Дом, куда вошел бывший купец, принадлежал к числу построек, переживших более двух столетий, которые еще встречаются и теперь в департаменте Cote-d'Or. Он принадлежал нотариусу Вениамину Леройе и перешел к нему от отца, деда и прадеда. Нотариус занимал его весь, целиком.

Контора находилась в нижнем этаже.

В бельэтаже помещались покои самого нотариуса, а на третьем жил Леон Леройе, его единственный сын и наследник, и молодой клерк, дальний родственник семейства Леройе.

В мансардах были комнаты четырех слуг.

Жак Бернье пошел по коридору, разделявшему дом на две равные части, отворил дверь, находившуюся в конце, и очутился в конторе.

Контора нотариуса Леройе пользовалась в городе всеобщим уважением и почетом.
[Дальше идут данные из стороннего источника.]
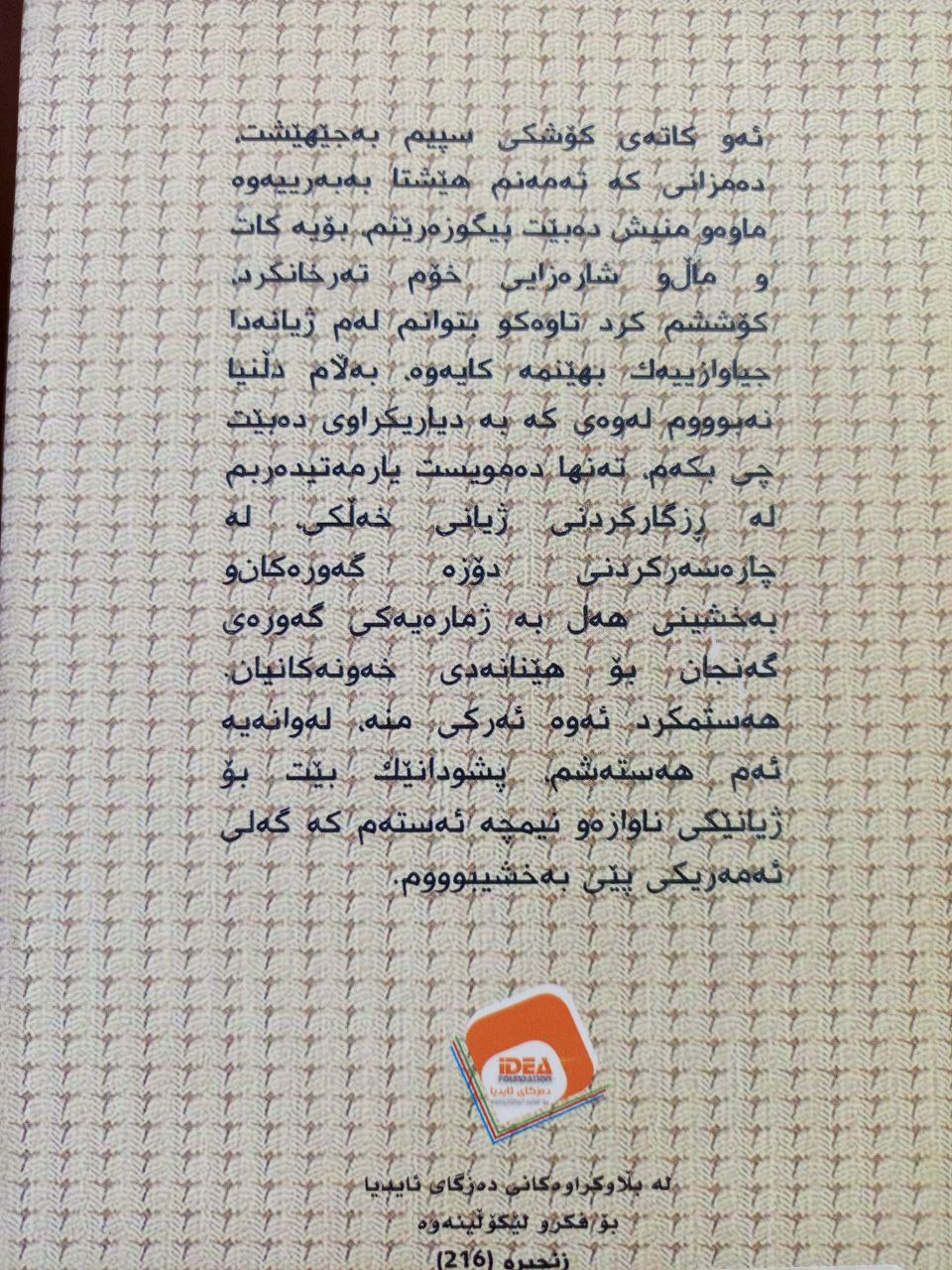 ئەو کاتەی کۆشکی سپیم بەجێهێشت،دەمزانی کە تەمەنم هێشتا بەبەرییەوە ماوەو منیش دەبێت بیگوزەرێنم،بۆیە کات و ماڵ و شارەزایی خۆم تەرخانکرد،کۆششم کرد تاوەکو بتوانم لەم ژیانە جیاوازە بمێنمەوە.

У него было столько дел, что он был вынужден держать четырех помощников, что довольно необычно в провинциальном городке.

В ту минуту, когда Жак Бернье вошел в контору, старший клерк стоял около табурета второго клерка с бумагой в руках и, по-видимому, давал ему важные инструкции относительно редакции одного очень серьезного акта, который было необходимо изготовить к вечеру того же дня.

Два других клерка, кажется, были погружены в головоломную работу; в действительности же оба читали потихоньку: один – газету, другой – роман.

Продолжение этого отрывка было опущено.